━━━ DATA SHOWN ━━━

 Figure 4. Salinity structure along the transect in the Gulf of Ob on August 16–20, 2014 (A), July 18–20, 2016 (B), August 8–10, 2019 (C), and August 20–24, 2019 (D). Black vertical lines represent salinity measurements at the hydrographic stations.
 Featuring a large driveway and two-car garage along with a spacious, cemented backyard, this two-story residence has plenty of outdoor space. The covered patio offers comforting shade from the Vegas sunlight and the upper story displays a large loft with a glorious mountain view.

━━━
━━━ DATA SHOWN ━━━

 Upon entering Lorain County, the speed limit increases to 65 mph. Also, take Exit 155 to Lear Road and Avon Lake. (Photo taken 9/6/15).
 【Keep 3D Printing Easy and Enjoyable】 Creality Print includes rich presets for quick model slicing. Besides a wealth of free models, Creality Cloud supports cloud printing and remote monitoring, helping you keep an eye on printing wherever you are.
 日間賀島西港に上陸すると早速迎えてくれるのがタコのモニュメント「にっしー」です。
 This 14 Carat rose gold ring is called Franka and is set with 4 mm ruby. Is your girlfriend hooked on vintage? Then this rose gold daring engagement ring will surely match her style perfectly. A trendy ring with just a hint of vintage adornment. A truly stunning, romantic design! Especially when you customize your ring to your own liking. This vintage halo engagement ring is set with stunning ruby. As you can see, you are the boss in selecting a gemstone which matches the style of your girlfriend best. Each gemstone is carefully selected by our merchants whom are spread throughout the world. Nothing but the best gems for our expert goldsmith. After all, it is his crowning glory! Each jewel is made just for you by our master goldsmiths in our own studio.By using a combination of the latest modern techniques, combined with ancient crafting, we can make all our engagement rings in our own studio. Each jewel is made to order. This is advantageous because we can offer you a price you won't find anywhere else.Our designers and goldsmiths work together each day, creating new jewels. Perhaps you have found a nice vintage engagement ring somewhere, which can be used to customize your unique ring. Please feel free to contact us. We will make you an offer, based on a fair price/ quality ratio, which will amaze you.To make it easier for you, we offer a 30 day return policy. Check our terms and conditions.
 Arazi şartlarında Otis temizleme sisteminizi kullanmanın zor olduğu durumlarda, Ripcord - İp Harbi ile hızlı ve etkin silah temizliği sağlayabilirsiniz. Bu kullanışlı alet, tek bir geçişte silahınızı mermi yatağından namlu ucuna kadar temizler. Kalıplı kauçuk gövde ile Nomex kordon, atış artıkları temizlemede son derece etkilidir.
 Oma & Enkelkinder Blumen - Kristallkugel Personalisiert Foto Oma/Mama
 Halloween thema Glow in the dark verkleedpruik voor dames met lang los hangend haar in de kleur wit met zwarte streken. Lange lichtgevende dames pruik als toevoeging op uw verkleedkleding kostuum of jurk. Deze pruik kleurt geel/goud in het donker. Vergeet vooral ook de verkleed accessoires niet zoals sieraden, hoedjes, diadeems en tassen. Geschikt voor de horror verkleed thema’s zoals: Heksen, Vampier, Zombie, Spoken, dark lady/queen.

━━━
━━━ DATA SHOWN ━━━

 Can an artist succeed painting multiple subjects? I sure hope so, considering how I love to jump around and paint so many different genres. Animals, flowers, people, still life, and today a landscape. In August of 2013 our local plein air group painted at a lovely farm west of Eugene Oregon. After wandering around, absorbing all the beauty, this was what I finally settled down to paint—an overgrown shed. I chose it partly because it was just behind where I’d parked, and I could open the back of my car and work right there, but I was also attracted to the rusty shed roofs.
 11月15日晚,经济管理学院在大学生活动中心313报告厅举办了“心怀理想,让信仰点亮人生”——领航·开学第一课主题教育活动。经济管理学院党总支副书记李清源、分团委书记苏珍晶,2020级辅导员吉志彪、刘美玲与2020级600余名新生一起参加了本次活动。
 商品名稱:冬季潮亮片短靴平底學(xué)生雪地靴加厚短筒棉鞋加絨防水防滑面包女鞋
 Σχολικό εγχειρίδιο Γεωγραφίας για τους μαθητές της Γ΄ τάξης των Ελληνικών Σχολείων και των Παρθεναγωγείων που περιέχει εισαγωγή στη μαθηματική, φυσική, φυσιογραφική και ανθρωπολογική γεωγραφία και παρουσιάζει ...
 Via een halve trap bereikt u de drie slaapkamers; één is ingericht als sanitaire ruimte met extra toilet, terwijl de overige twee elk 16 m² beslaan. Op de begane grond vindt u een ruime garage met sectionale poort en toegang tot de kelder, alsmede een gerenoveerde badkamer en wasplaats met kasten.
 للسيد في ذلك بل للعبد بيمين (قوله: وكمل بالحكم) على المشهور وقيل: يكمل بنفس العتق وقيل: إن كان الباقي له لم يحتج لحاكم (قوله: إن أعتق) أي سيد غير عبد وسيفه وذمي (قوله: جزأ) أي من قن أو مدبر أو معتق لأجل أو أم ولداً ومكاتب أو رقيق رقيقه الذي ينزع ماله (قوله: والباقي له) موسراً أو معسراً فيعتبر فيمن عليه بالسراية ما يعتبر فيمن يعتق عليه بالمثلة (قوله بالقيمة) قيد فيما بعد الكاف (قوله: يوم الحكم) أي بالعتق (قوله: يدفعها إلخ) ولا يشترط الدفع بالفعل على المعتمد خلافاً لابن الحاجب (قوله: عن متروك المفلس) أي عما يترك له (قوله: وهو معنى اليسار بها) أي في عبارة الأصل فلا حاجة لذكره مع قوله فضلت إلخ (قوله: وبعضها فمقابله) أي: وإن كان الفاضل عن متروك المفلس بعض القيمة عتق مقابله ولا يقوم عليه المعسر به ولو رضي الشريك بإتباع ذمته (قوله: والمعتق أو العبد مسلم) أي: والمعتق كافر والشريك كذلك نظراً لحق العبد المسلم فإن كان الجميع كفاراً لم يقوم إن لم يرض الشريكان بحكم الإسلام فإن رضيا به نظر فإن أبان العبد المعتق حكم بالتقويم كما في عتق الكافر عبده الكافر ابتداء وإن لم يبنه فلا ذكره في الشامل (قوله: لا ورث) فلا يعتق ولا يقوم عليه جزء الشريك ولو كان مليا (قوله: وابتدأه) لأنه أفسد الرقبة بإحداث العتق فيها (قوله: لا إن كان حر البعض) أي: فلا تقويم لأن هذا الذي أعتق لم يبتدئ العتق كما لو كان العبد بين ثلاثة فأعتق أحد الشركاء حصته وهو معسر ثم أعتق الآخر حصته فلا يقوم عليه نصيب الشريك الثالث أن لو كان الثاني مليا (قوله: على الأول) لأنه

━━━

= INSTRUCTIONS FOR THE TASK =
Could you restate word for word the lines above, from the one that contains "Σχολικό εγχειρίδιο Γεωγραφίας" through the one that contains "للسيد في ذلك", and no others?

= ANSWER FOR THE TASK =
 Σχολικό εγχειρίδιο Γεωγραφίας για τους μαθητές της Γ΄ τάξης των Ελληνικών Σχολείων και των Παρθεναγωγείων που περιέχει εισαγωγή στη μαθηματική, φυσική, φυσιογραφική και ανθρωπολογική γεωγραφία και παρουσιάζει ...
 Via een halve trap bereikt u de drie slaapkamers; één is ingericht als sanitaire ruimte met extra toilet, terwijl de overige twee elk 16 m² beslaan. Op de begane grond vindt u een ruime garage met sectionale poort en toegang tot de kelder, alsmede een gerenoveerde badkamer en wasplaats met kasten.
 للسيد في ذلك بل للعبد بيمين (قوله: وكمل بالحكم) على المشهور وقيل: يكمل بنفس العتق وقيل: إن كان الباقي له لم يحتج لحاكم (قوله: إن أعتق) أي سيد غير عبد وسيفه وذمي (قوله: جزأ) أي من قن أو مدبر أو معتق لأجل أو أم ولداً ومكاتب أو رقيق رقيقه الذي ينزع ماله (قوله: والباقي له) موسراً أو معسراً فيعتبر فيمن عليه بالسراية ما يعتبر فيمن يعتق عليه بالمثلة (قوله بالقيمة) قيد فيما بعد الكاف (قوله: يوم الحكم) أي بالعتق (قوله: يدفعها إلخ) ولا يشترط الدفع بالفعل على المعتمد خلافاً لابن الحاجب (قوله: عن متروك المفلس) أي عما يترك له (قوله: وهو معنى اليسار بها) أي في عبارة الأصل فلا حاجة لذكره مع قوله فضلت إلخ (قوله: وبعضها فمقابله) أي: وإن كان الفاضل عن متروك المفلس بعض القيمة عتق مقابله ولا يقوم عليه المعسر به ولو رضي الشريك بإتباع ذمته (قوله: والمعتق أو العبد مسلم) أي: والمعتق كافر والشريك كذلك نظراً لحق العبد المسلم فإن كان الجميع كفاراً لم يقوم إن لم يرض الشريكان بحكم الإسلام فإن رضيا به نظر فإن أبان العبد المعتق حكم بالتقويم كما في عتق الكافر عبده الكافر ابتداء وإن لم يبنه فلا ذكره في الشامل (قوله: لا ورث) فلا يعتق ولا يقوم عليه جزء الشريك ولو كان مليا (قوله: وابتدأه) لأنه أفسد الرقبة بإحداث العتق فيها (قوله: لا إن كان حر البعض) أي: فلا تقويم لأن هذا الذي أعتق لم يبتدئ العتق كما لو كان العبد بين ثلاثة فأعتق أحد الشركاء حصته وهو معسر ثم أعتق الآخر حصته فلا يقوم عليه نصيب الشريك الثالث أن لو كان الثاني مليا (قوله: على الأول) لأنه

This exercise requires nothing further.